Der zweite Vortrag war per Sykpe von Prof Theoharides aus Boston. Er forscht seit vielen Jahren auf dem Gebiet der Mastzellen. Er stellte uns den Vorteil von Luteolin als Mastzellstabilisator vor. Luteolin ist ein Flavonoid das nach seiner Meinung viel wirksamer sei, als alle bisher bekannten Mastzellstabilisatoren. Flavonoide hemmen oxidativen Stress, Entzündung, Mastzellaktivität und Neurotoxizität. Mehrmals erwähnte er Schimmelpilze und Schimmelpilztoxine als Trigger der Mastzellen. Er hat mehrere Patente für Nahrungsergänzungsmittel (Neuroprotek und BrainGain) in den USA und auch die Genehmigung der FDA seine Mittel ins Ausland zu exportieren. Ich bin bespannt, ob die EU die Einfuhr genehmigen wird. Auf seiner Webseite
Dr T C Theoharides, MD Ph.D., - Mast Cells, Autism, Inflammation findet man viele seiner Veröffentlichungen.
Der dritte Vortrag war ebenfalls über Sykpe von Herrn Prof. Molderings. Das Thema ‚Begleiterkrankungen bei systemischer Mastzellaktivierungserkrankung, Facetten einer gemeinsamen Grunderkrankung?‘. Der Vortrag war sehr wissenschaftlich geprägt. Zuerst erklärte er die Bedeutung der Mastzellen und wie sie als Zellen des Immunsystems mit ihrer Umwelt in Kontakt treten. Dann gab er eine Übersicht über die verschiedenen Mastzellaktivierungserkrankungen (MCAD). Für ihn ist die systemische Mastozytose nur per Definition von den anderen Mastzellaktivierungserkrankungen abgegrenzt. Er sieht für alle Formen der Mastzellaktivierungserkrankungen dieselben Ursachen. Als Ursachen kommen in Frage: genetische Komponenten, epigenetische Komponenten, Umweltkomponenten und Mutationen von somatischen Zellen. Da die Mutationsmuster jeweils individuell sehr verschieden sind erklären sich auch die sehr individuellen Beschwerdenkomplexe bei einer Mastzellaktivierungserkrankung. Als häufige Begleiterkrankungen nannte er u.a. Fibromyalgie, CFS, MCS, Reizdarm, Interstitielle Zystitis, Schilddrüsenstörungen und Anaphylaxie. Als Beispiel: es fällt auf, dass die Begleiterkrankungen bei CFS und MCAD sehr ähnlich sind. Die Häufigkeit von MCAD liegt in Deutschland bei bis zu 17% und für CFS bei 1-3%. Das Risiko an einem Reizdarm zu erkranken ist bei einem Menschen mit Mastzellaktivitätsstörungen 750 Mal höher als bei einem Menschen mit normaler Mastzellaktivität. Für CFS als Begleiterkranung ist das Risiko sogar 1500 Mal höher. Fazit des Vortrags war: es gibt gemeinsame Grunderkrankungen für die Mastzellaktivitätserkrankungen und die häufig auftretenden Begleiterkrankungen. Genetische Komponenten plus epigenetische Umweltfaktoren plus somatische Mutationen bilden die Basis und äußern sich in verschiedenen Krankheitsbildern.

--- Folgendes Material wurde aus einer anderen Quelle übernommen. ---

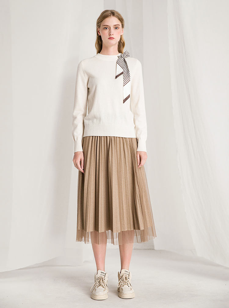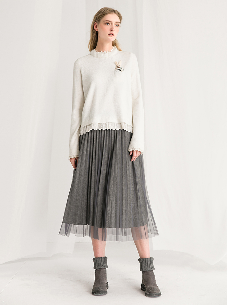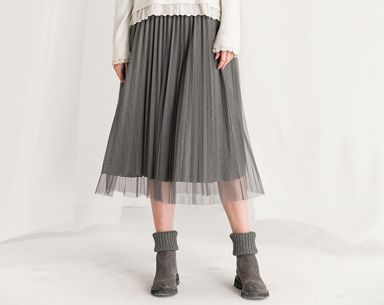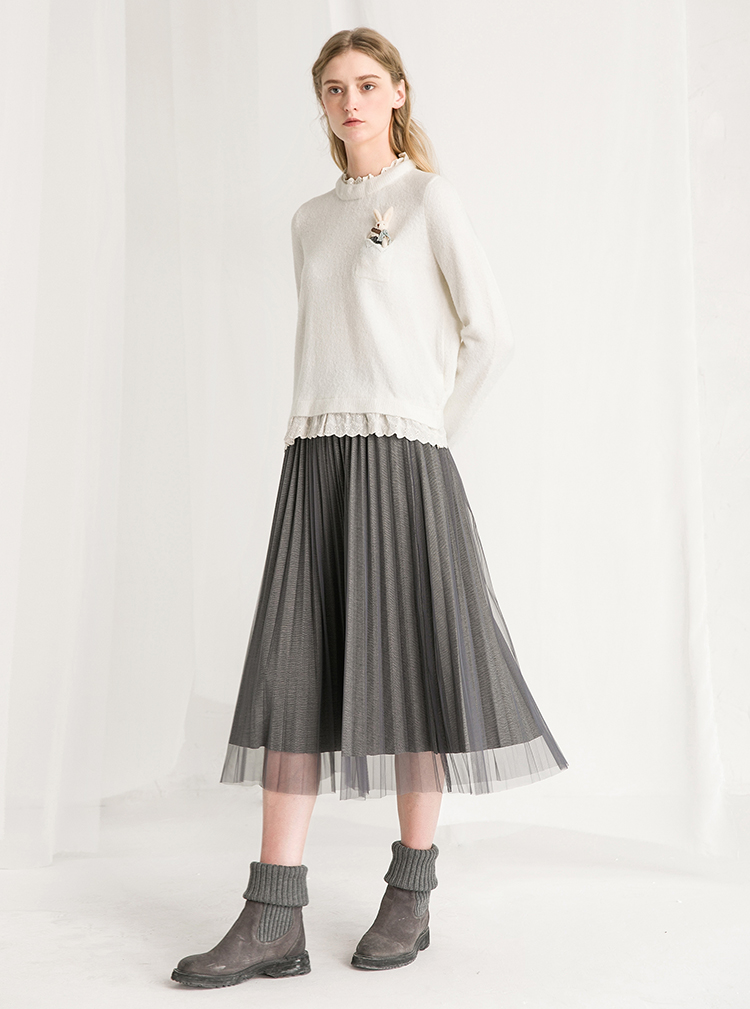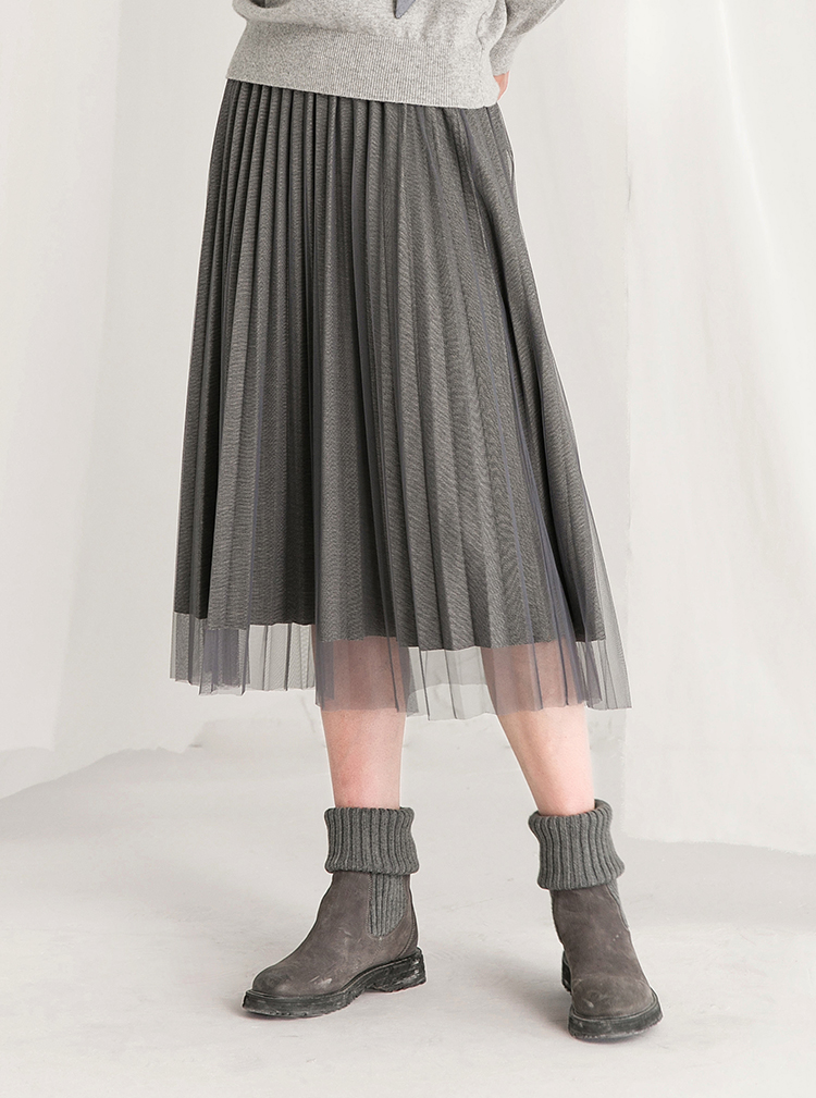 famecoco范可儿时尚百褶裙优雅纱裙半身裙F218HA006

Bei der anschließenden Podiumsdiskussion erklärte Prof. Molderings, dass die symptombezogene Therapie sinnvoll ist, weil die Basistherapie nur ca. 10 – 15 % der Mastzellaktivität reduziert, man aber versuchen muss eine Reduktion um 50% zu erreichen. Das Ziel ist dabei die Verstärkungsruckkoppelungskreisläufe zu durchbrechen. Bei Tachykardie erwähnte er, dass man keine Betablocker nehmen soll und dass die konventionelle Therapie oft nicht wirkt. Stattdessen kann man es mit einem Kaliumkanalblocker Ivabradin versuchen".